Week 2 Historical Context: Examine historical medical exploitation of Black communities and its legacy of mistrust in health institutions. Deliverable: an annotated bibliography on the research gap affecting Black women’s health outcomes.

Week 3 The Research Gap: Study the VOICES of Black Women initiative in depth, including its design and community-based participatory research methods. Deliverable: a plain-language public brief explaining the study.

Week 4 Trust-Building & Community Engagement: Identify trusted messengers and outreach channels within historically marginalized communities. Deliverable: a draft outreach plan.

Week 5 Campaign Design & Health Communication: Translate the outreach plan into real campaign materials. Deliverable: a campaign asset package, including social posts, a flyer, and talking points.

Week 6 Grassroots Advocacy & Coalition Building: Execute outreach with real community partners and contacts. Interns never collect personal health information; all enrollment happens through the official ACS portal. Deliverable: an outreach log.

Week 7 Intergenerational Equity & Economic Freedom: Connect health access to economic ownership and narrative control, using the case study’s Byron Allen reflection questions.

Deliverable: a draft of the written analysis paper.
Week 8 Synthesis & Capstone: Finalize and present both capstone components to the Voice Up cohort.

Capstone Requirements
The capstone has two parts. The Outreach & Enrollment Project asks interns to plan, build, and execute a real awareness campaign supporting VOICES of Black Women enrollment, tracked through a weekly outreach log and summarized in a final report covering channels used, people reached, and partners engaged. The Written Analysis Paper, six to ten pages, addresses the historical research gap, Dr. Lee’s life as a case study in sustained purpose, the current public health crisis facing Black women, the economic dimension of exclusion, and concrete recommendations with each section explicitly applying at least one Voice Up Principle.

Competencies Developed
Public health equity and disparities analysis; community-based participatory research; trust-building in historically marginalized communities; campaign design and health communication; historical analysis of medical exploitation; grassroots advocacy and coalition building; intergenerational health equity; human rights framing of health access; and outreach and enrollment campaign execution.

Evaluation
Interns log weekly hours, submit each weekly deliverable on the Voice Up learning platform, and meet for a weekly one-on-one supervisor check-in to review progress and troubleshoot outreach challenges. Final evaluation considers completion and quality of all eight weekly deliverables, the integrity and reach of the outreach project, and the rigor of the written analysis, including how well it integrates the Voice Up Principles. A complete portfolio is submitted in Week 8 for practicum and credit documentation.

Resources & Contacts
VOICES of Black Women, American Cancer Society: a free, observational, online study for Black women ages 20 to 60, with no drugs or tests required. Contact or (800) 494-4113. Study site: voices.cancer.org. Enrollment portal: studyportal.cancer.org/enroll/voices. Featured reading: Opal Lee and What It Means to Be Free, written by Alice Faye Duncan and illustrated by Keturah A. Bobo.

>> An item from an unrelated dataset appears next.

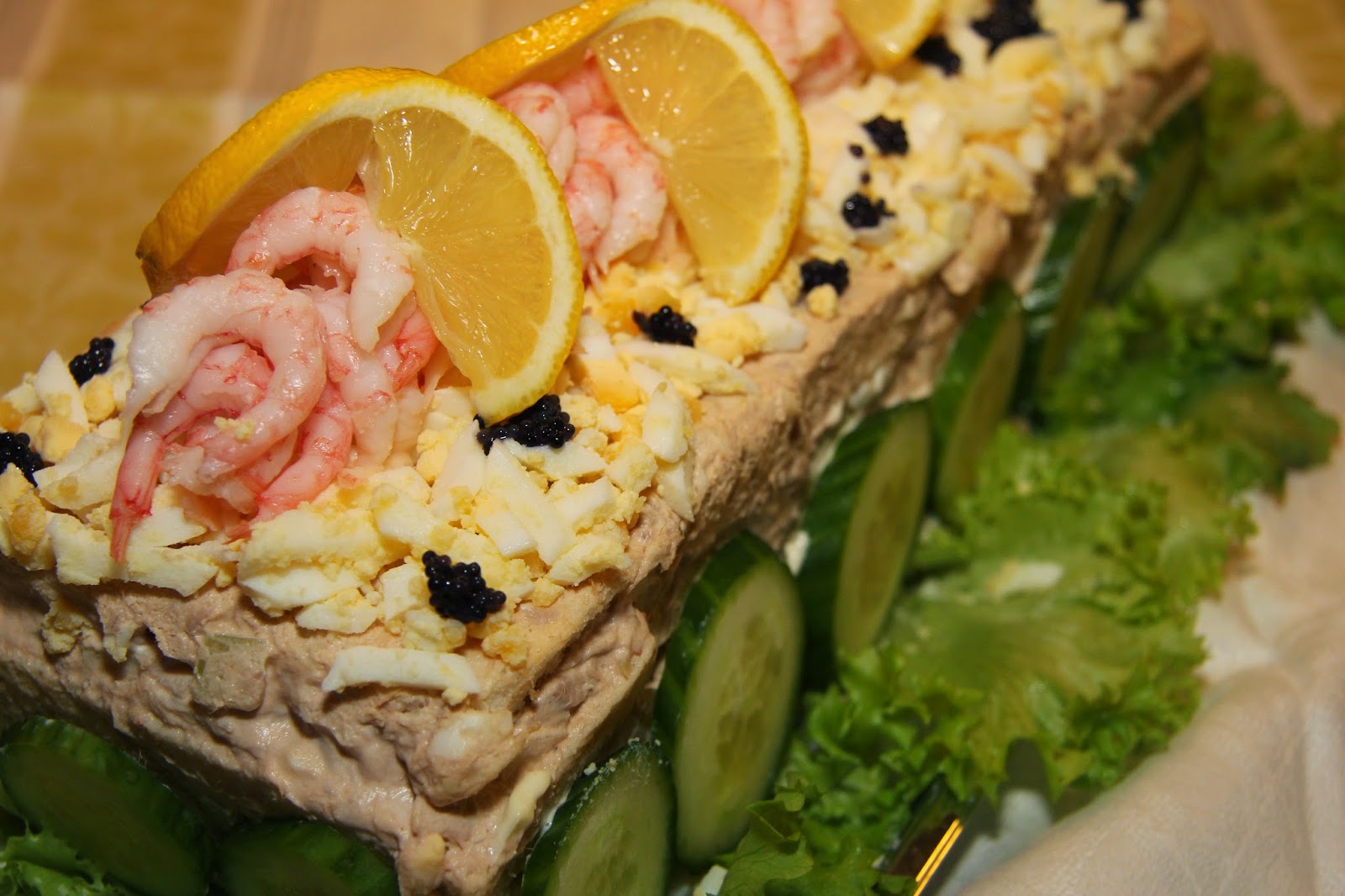 - Dekorera med räkor, tomat, citron och kaviar.

Fuller Road, Alabama, and the stretch of highway Opal Lee walked out of Fort Worth, Texas, do not appear on the same map and were never meant to intersect. But measured by what each road was actually built to do close the distance between a truth and its recognition, mile by mile, conversation by conversation, generation by generation they were always headed toward the same place. That is, in the end, the only kind of freedom either family ever really had to offer: not a single date on a calendar, but a method for refusing to let the gap outlive the people who could close it.